A startup Orbex is a private, low-cost orbital launch services company, serving the needs of the small satellite (up to 200 kg) industry. We are one of the space programme leaders in Europe and the UK. I joined this very ambitious space project as a business angel five years ago – Orbex was founded with like-minded people from Great Britain, Germany and Denmark.

We started with a small amount of money, and today we have already secured over EUR 40 million of public and private funding for the development of orbital space launch systems. Last year, we opened a technology centre and a rocket factory in Scotland and together with another company, Lockheed Martin, we have been appointed by the British government to develop a spaceport in Scotland. The Scottish Government has just recently approved the project for developing a space hub, which will be constructed near Melness on the northern coast of Scotland.

Great Britain has a lot of experience in developing space technologies, and almost the entire space technology ecosystem, they possess great ambitions and vision for the future. What was lacking was the possibility to launch satellites to space with the British company rocket from the spaceport on the Great Britain territory. We plan to solve this problem and the first launch should be next year.

I hope to take part in the launch but also to invite the KTU students, who are passionate about space technology, to watch it. This way “dream teams” are formed. The first students from Lithuania to go to NASA for an internship – Vytenis Buzas and Laurynas Mačiulis – returned to Lithuania and founded a space technology company Nanoavionics. The company today develops small satellites for customers around the world.

Could this be useful for our engineers as well?

Of course. Talented engineers who create space technologies can boost the Lithuanian economy. We can already see a great interest in space technologies and a number of new technology projects being developed. Have you seen the Starlink satellite train in the sky? This company can improve the access of the internet worldwide; the internet will be fast, cheap and safe, even in rural areas. We must also take part in these projects and find new niches to create interesting and valuable products and services.

There are many perspectives for students of technological sciences today.

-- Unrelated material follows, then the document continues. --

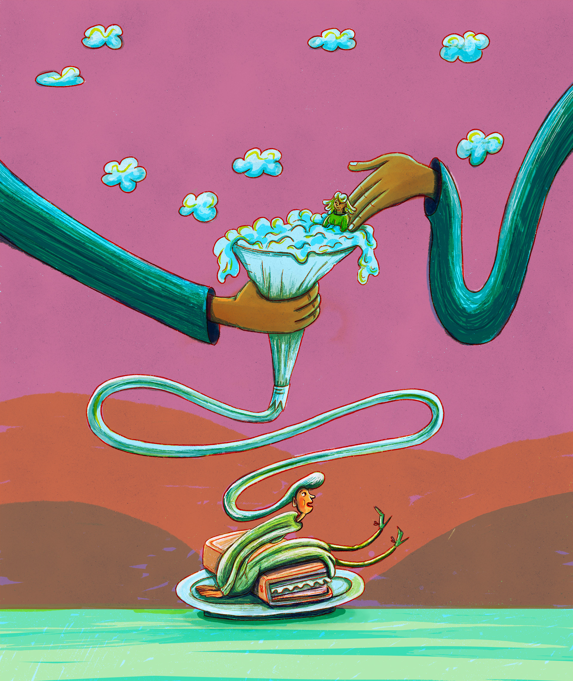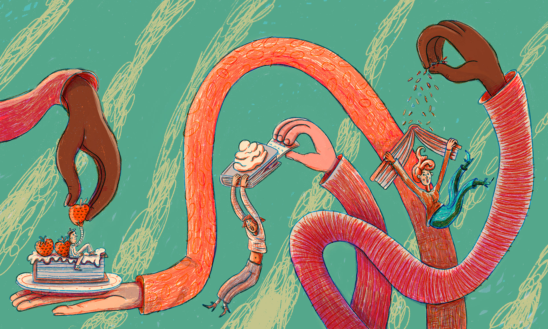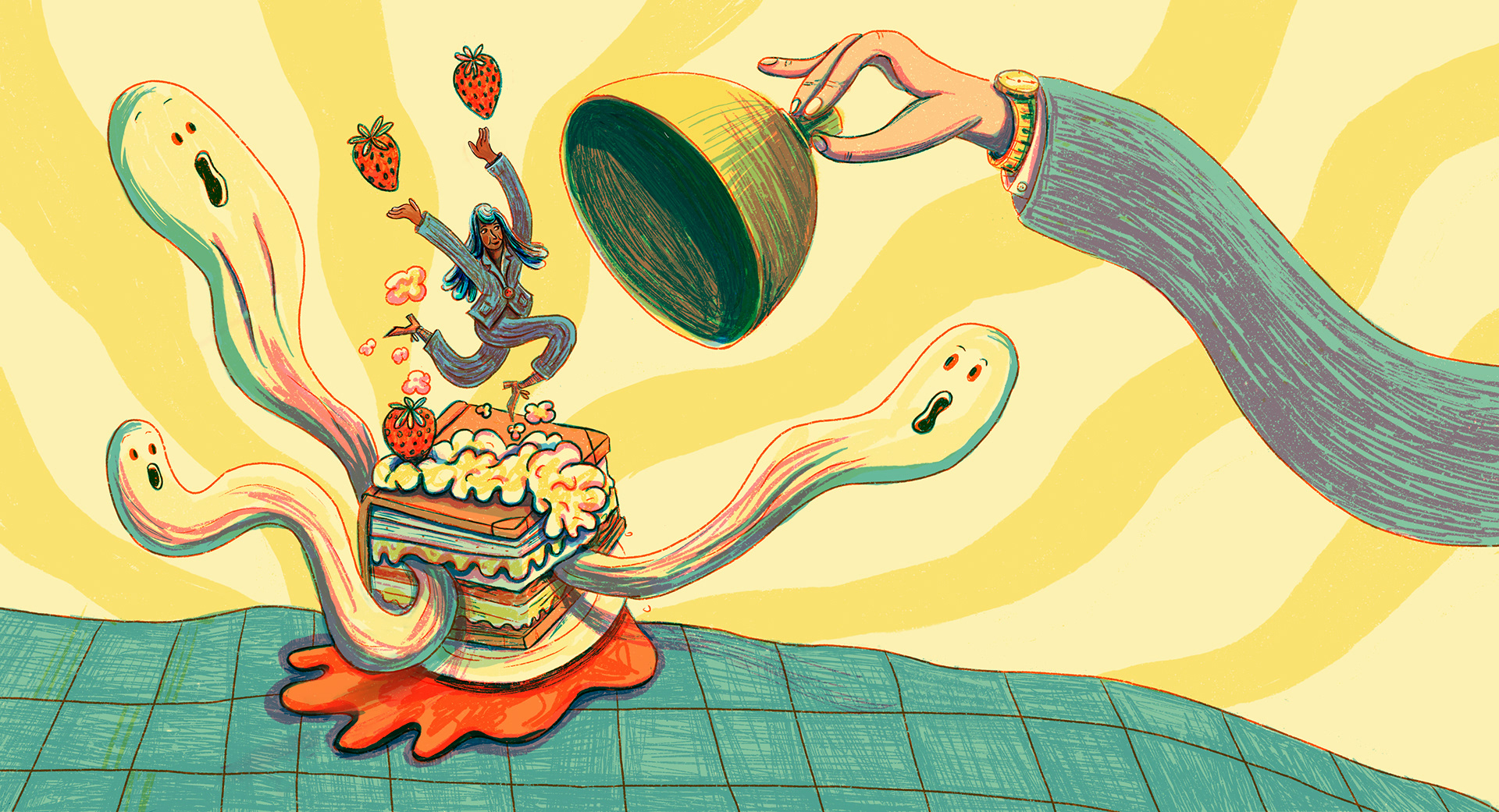 Fyra illustrationer till tidningen Författaren, illustrerar texten Den Hemliga redaktören skriven av Ellinor Skagegård.

Many KTU students have already been to internships at NASA and European Space Agency – ESA. They have excellent experience and connections to build their startup teams, to look for business angels while also attract investment. If you have an excellent team and ideas, there are no territorial boundaries.

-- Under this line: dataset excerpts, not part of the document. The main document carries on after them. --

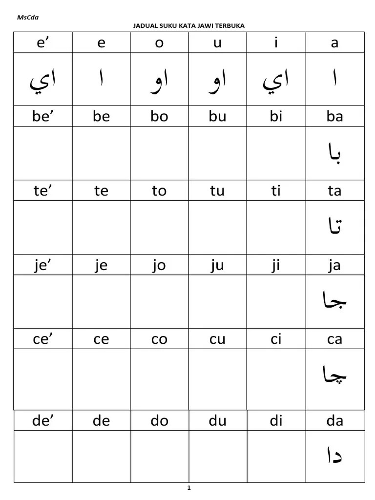 Contoh Huruf Jawi Suku Kata Terbuka Jawi : Latihan 50 Suku Kata Terbuka Jawi Cikguzim Alphabet Worksheets Preschool Alphabet Worksheets Arabic Alphabet For Kids. Suatu suku kata dalam bahasa arab bisa berupa suku kata terbuka (berakhiran vokal) atau suku kata tertutup (berakhiran konsonan): 19.01.2013 · nota tatacara perjumpaan ppim 1. Dari wiktionary bahasa indonesia, kamus bebas. اميريک شريکت , bahasa inggeris: Hier sollte eine beschreibung angezeigt werden, diese seite lässt dies jedoch nicht zu.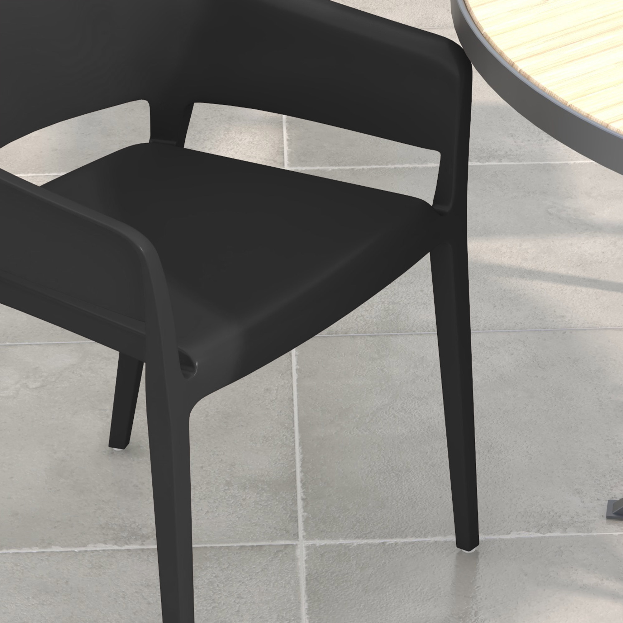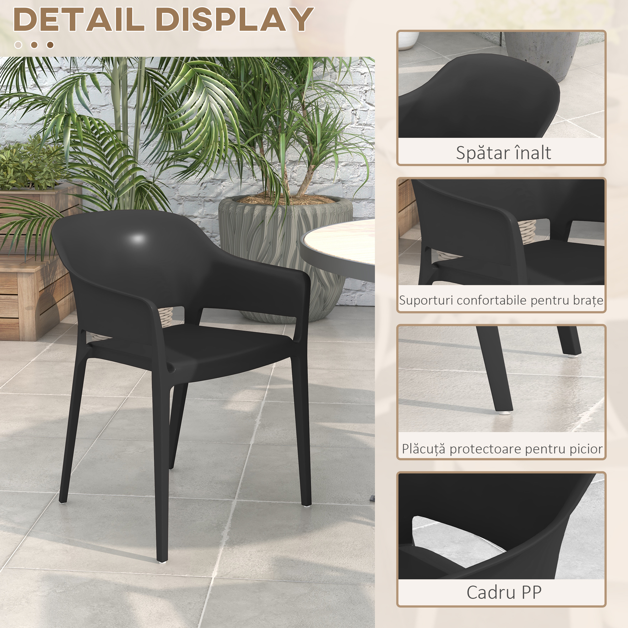 Relaxati-va si bucurati-va de aer liber alaturi de un insotitor, datorita acestui set de patru scaune de gradina stivuibile de la [BRAND NAME]. Avand un design ergonomic cu spatar inalt si cotiere, aceste scaune ofera suport optim pentru corpul dvs. Fabricate din material PP confortabil, ofera o experienta placuta de asezare. In plus, designul lor stivuibil permite o depozitare convenabila, facandu-le compacte si fara probleme. Rasfatati-va intr-un timp senin si relaxat cu scaunele noastre de gradina fiabile din metal.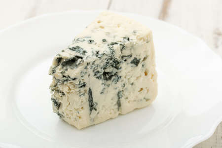 Blue cheese on a white plate on a wooden background.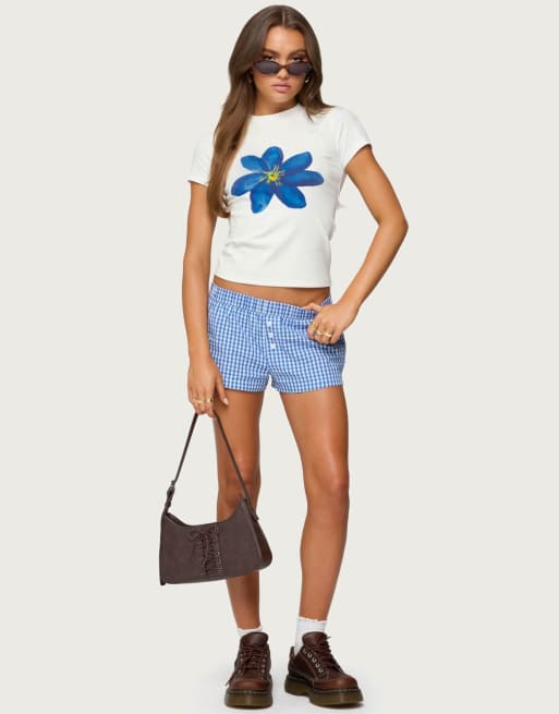 Edikted Maryanne gingham boxer shorts in blue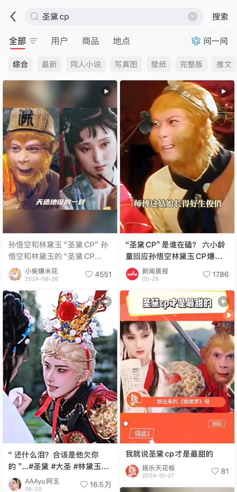 早在今年上半年,“圣黛CP”這個奇特的稱謂忽然在互聯網上流行起來。有網絡博主將《西游記》里的孫悟空與《紅樓夢》里的林黛玉湊成一對情侶。這個新穎而奇怪的組合迅速吸引了廣大網友的注意力。對此,有媒體記者就相關內容詢問86版《西游記》孫悟空扮演者六小齡童,他給出了較為正面的反饋,再次拉高了“圣黛CP”的熱度。有網友戲稱,曹雪芹和吳承恩去世多年后,發現居然成親家了。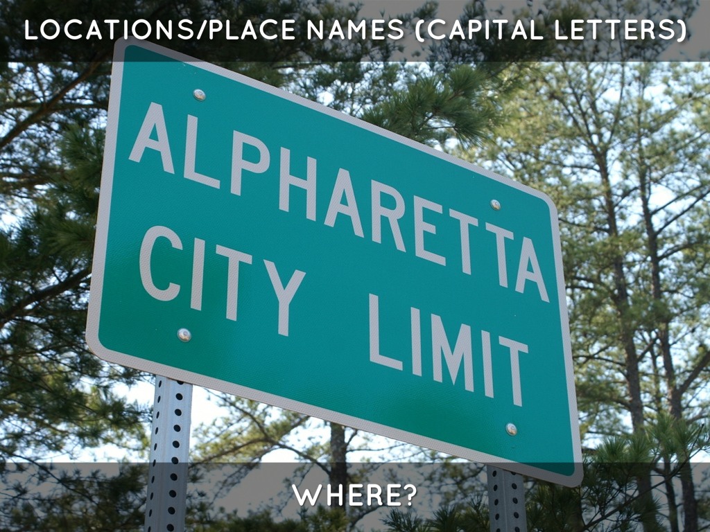 LOCATIONS/PLACE NAMES (CAPITAL LETTERS)
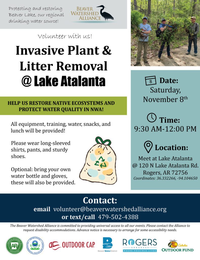RSVPs appreciated but not required. Email volunteer@beaverwatershedalliance.org or text/call 479-750-8007.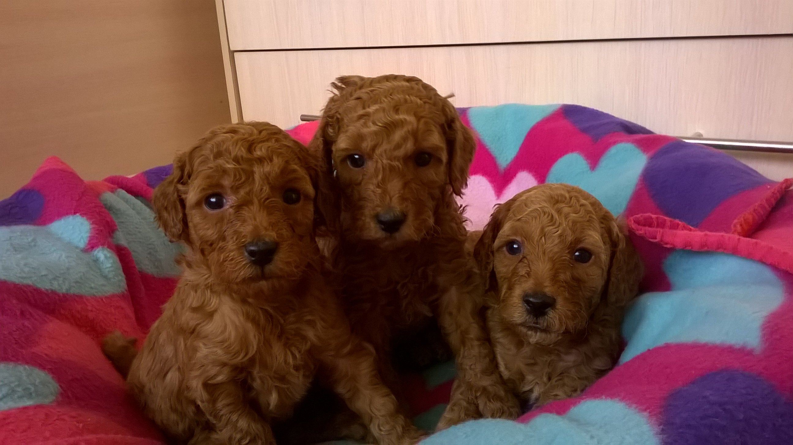 Щенки малого пуделя абрикосового и красного окраса. Дата рождения 17.01.2018г. 3 кобеля (1 красный, 2 абрикосовых), 4 суки (2 красные, 2 абрикосовые).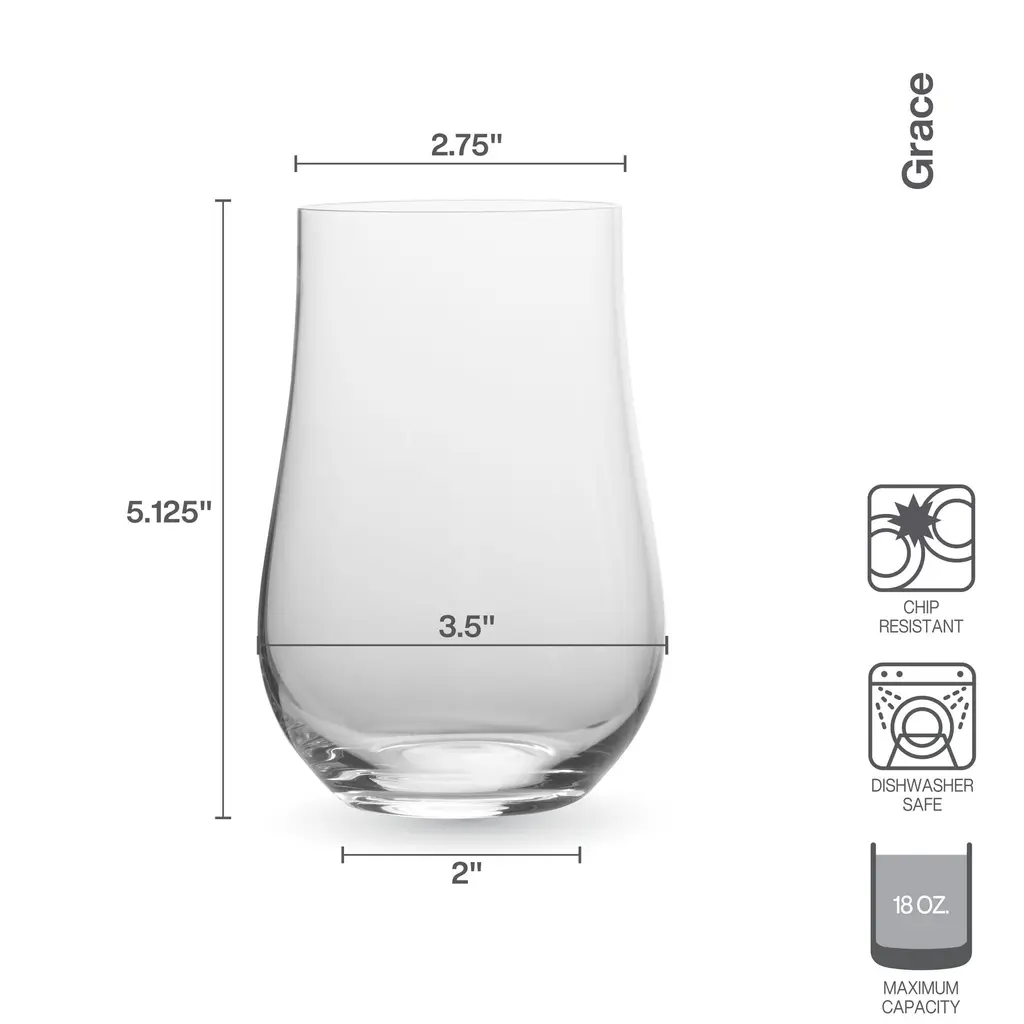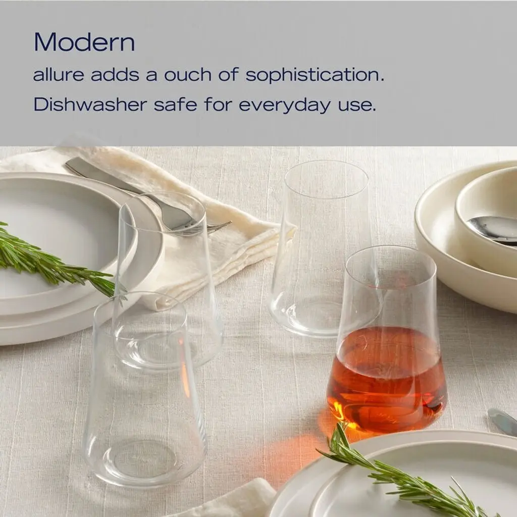 Elegant and sophisticated Aline Stemware by Mikasa captivates with unexpected curves that flare outward to wide bases. Beautifully crafted of lead-free crystal, this collection is machine-made and welded with fire-polished stems. These highball glasses bring modern appeal to your dining table or home bar, and are ideal for serving mixed cocktails. Set of 4, each measuring 5 inches tall with a 3-1/2 inch diameter and a 17-fluid ounce capacity. Dishwasher safe.

For instance, my daughter Dalia Lašaitė manages CGtrader startup – the biggest 3D model trading platform in the world that brought together designers, architects and other creators. They were the first in the Baltics to attract investment from Intel Capital. There are even space-related jobs in this company: if a student cannot take part in Starship spaceship creation with TinkerCAD or some other programme, they can create SpaceX or 3D model of their own and make money by selling it on CGTrader.com to virtual reality and game developers.

Why did you become a business angel?

Business angels are the first advisors, mentors, and investors. Not only it is an interesting activity, but also meaningful and lucrative. After all, Silicon Valley’s success story and wealth first came from business angel investments that later grew into huge venture capital companies.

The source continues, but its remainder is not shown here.